中年兄妹+高齢母の〈終の棲家〉に、突然〈お嫁さん〉がやってきた!…居場所を失う妹「出て行きたいけど、出て行けない…」悲惨すぎる状況のワケ
不動産を「家族みんなのもの」として、共有名義にしているご家族は少なくありません。しかし、時間の経過とともに家族それぞれの事情が変化すると、不動産の共有が、大きなトラブルのタネとなることがあります。相続実務士である曽根惠子氏(株式会社夢相続代表取締役)が、実際に寄せられた相談内容をもとに、生前対策について解説します。 年金に頼らず「夫婦で100歳まで生きる」ための貯蓄額
「大切な不動産、親族みんなのものに…」という過ち
当然ですが、不動産は大切な財産です。そして、そんな大切な財産を「みんなの持ち物」として、共有名義にしているご家族は珍しくありません。 不動産が共有名義となるのは、たいてい、不動産の相続時か購入時です。相続人の公平を期すため、分けにくい不動産を相続人たちの共有としたり、不動産の購入時に、家族で資金を出し合うことで、資金の割合に応じて権利を登記したりすることで、不動産が共有状態となります。 当初は円満でも、その後、状況の変化や感情の変化などによって意見が合わなくなり、トラブルになることはよくあります。筆者のもとに相談が持ち込まれた時点で、すでに激しく対立し、家族間での話し合いが成立しないところまで来ているケースも多いのです。 今回は、不動産の共有にまつわるトラブルについて、2つの典型的なケース例を紹介します。

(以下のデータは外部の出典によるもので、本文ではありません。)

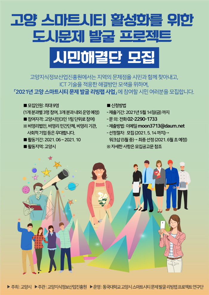 [고양=이기홍 기자] 고양시와 고양지식정보산업진흥원( 이하 진흥원)은 “ 2021년 고양 스마트시티 문제 발굴 리빙랩 사업 ”에 참여할 시민해결단을 공개 모집한다.

【事例1】共有のアパートを売りたいが、意見が合わず膠着状態
野村さん(50代)は、父親の死後、母親ときょうだい3人の合計4人でアパートを共有として相続しました。持分の割合は、母親が2分の1、野村さんと2人の弟がそれぞれ6分の1という法定割合です。 父親の遺産は自宅とアパート、現預金はごくわずかです。遺言書がなかったことから家族で話し合いを行いましたが、自宅はそこに暮らす母親が相続することは決定したものの、アパートをどうするかがまとまらず、申告期限が迫ったことで、共有状態としました。 アパートは自宅よりも評価が高く、父親の財産のなかで一番価値があります。自宅の評価は2,000万円程度でしたが、アパートの評価は4,000万円程度であり、不動産会社からは、売却するなら5,000万円程度だといわれていました。 「相続のとき、最初は弟たちもアパートの売却に賛成でした。ところが、母が〈お父さんが遺したものなのに〉といって強く反対したのです。では、だれが相続するのかということで結論が出ず、結局は申告期限が迫ったことで、法定割合で相続したのですが…」 しばらく共有状態で運営を続けてきましたが、母親は当初より、家賃を一切子どもたちに分配しません。そのため、名義があっても子どもたちにはメリットがありません。野村さんはそんな共有状態のアパートがわずらわしく、また、自分の子どもたちの進学で現金が必要となったことから、アパートを手放したいと考えています。 「母親も年齢を重ね、不安があるのでしょう。お金にひどく固執するようになりました。弟たちは弟たちで、アパートの収益を狙っており、きょうだい関係が緊張しています。私はいまお金が必要なので、自分の持ち分を手放したいのですが…」 「それに、もしここで私や弟に万一のことがあったら、さらにめんどくさいことになってしまう…」 そういって頭を抱えています。